[III] 8. Kidnapped

551 67 23
                                    

                    Sang surya belum menampakkan diri. Lingkaran raksasa yang sarat akan panas cahaya itu masih sungkan muncul ke permukaan karena notabenenya jam masih menunjukkan pukul empat pagi. Dan sepertinya mentari tak akan terlihat karena pagi ini akan turun hujan salju ringan yang membuat langit akan terlihat putih keabu-abuan. Justin bangkit setelah terlelap di sebuah batang pohon maha besar yang ia jadikan sandaran selama semalaman demi membuat kedua kelopak matanya tertutup rapat dengan nyaman. Pria bermata coklat madu itu tak henti-hentinya memikirkan Gowther. Yang bisa ia katakan sebagai temannya sebelum vampire terakhir itu malah jatuh hati pada isterinya sendiri. Justin tidak tau harus menyembunyikan Abigail kemana jika Gowther sanggup mengendus aroma Abigail dari radius dua ratus kilometer jauhnya. Itu menyulitkan.

                    Gigi Justin bergelemetuk menahan dingin. Pagi ini sangat dingin, super duper dingin dan makhluk dari kutub pun tentu akan mengakuinya. Justin berdiri, menepuk bagian bawah bajunya--menyingkirkan debu yang tersisa disana sebelum mengayunkan kaki untuk mendekat pada tenda yang dibangun oleh Eleanor semalam untuk tempat tidur para wanita disana. Sebenarnya Justin diizinkan masuk, hanya saja ukuran tenda yang dibawa Eleanor dalam perbekalan bukanlah tenda besar yang bisa dipakai belasan orang. Tenda itu kecil, bahkan Eleanor seringkali merasakan kaki Abigail yang menendang-nendang perutnya seolah Abigail adalah bayi dalam kandungan.

                    Maka dari itu, ketika Justin membuka sedikit bagian jendela tenda, ia tidak mendapati adiknya disana. Pria itu memutar tubuh, menyapu pandang ke seantreo lapak hutan yang dijadikan tempat bermalam. Kemudian Justin menemukan sosok Eleanor yang sedang berjongkok di tepi sungai yang sedikit beku. Entah apa yang wanita itu lakukan, mungkin bercermin atau apalah. Tapi Justin tidak menghampirinya.
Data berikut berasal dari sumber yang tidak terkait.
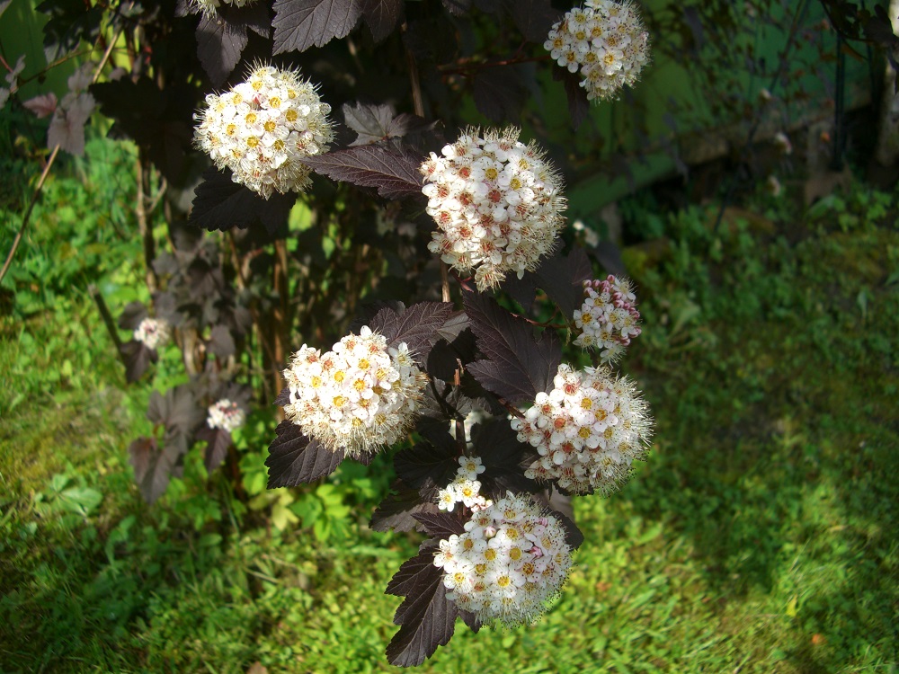 Пузироплідник калинолистий декоративних сортів із золотим чи пурпурним листям теж закладає квіткові бруньки на старих пагонах, тому обрізають його навесні.

Ia justru masuk ke dalam tenda dan membangunkan dua wanita yang sedang terlelap di sana.

                    Tubuh Abigail menggeliat sebelum wanita itu bangkit dengan mata masih terpejam. Sementara Priskila justru mengeratkan selimut yang ia pakai dan berpaling--berharap Justin tak lagi mengganggunya. Justin menghela nafas, lantas menatap pada Abigail menunggu isterinya segera membuka mata. Sangat lama. Wanita itu sudah menguap beberapa kali, dan menggaruk puncak kepalanya namun tetap saja denga mata tertutup. Membuat Justin jengah dan tak kuasa untuk menunggu hingga pria itu memutuskan untuk menepuk-nepuk pipi isterinya dengan pelan saking gemasnya. Abigail terkesiap dengan mata yang terbuka lebar, namun yang keluar dari sela bibir wanita itu adalah makian kasar yang sukes membuat Justin mendelik tajam. Mendapati pelototan, Abigail bungkam.

                    "Kita harus pergi."

                    Abigail tidak memberikan respon berarti. Wanita itu menguap, kemudian mengeratkan mantelnya rapat-rapat. Meraih karet gelang pada pergelangan tangannya kemudian mengikat rambut coklat gelapnya menjadi bentuk satu kunciran kuda asal yang menyisakan rambut-rambut kecil pembingkai wajah. Dahinya terekspos, wajahnya yang putih mulus bersih dapat terlihat dengan jelas. Wanita itu menguap lagi dengan mata sayu. Lalu kembali diam.

                    "I said we must go, now."

                    "Kenapa?" Wanita itu bertanya tak bersemangat. Membuat Justin tak henti-hentinya menghela nafas untuk menahan emosi yang bergejolak.

                    "Pasal 24 ayat 18 Peraturan Kerajaan Evander. Tidak perlu bertanya ketika mendapat perintah dari Raja." Justin bicara dengan sedikit penekanan. Dan yang ia dapati justru satu alis Abigail yang terangkat tinggi-tinggi.

                    "Aku Calester," ia menjawab enteng. Lantas menguap lagi. Justin mengerang, berdecak sembari mengacak rambutnya asal-asalan. Wajah pria itu mengeras, kemudian dengan cepat ia menangkup kedua pipi Abigail dengan satu tangan. Membuat kedua mata yang indah itu akhirnya beradu, bersipandang, melebur satu sama lain.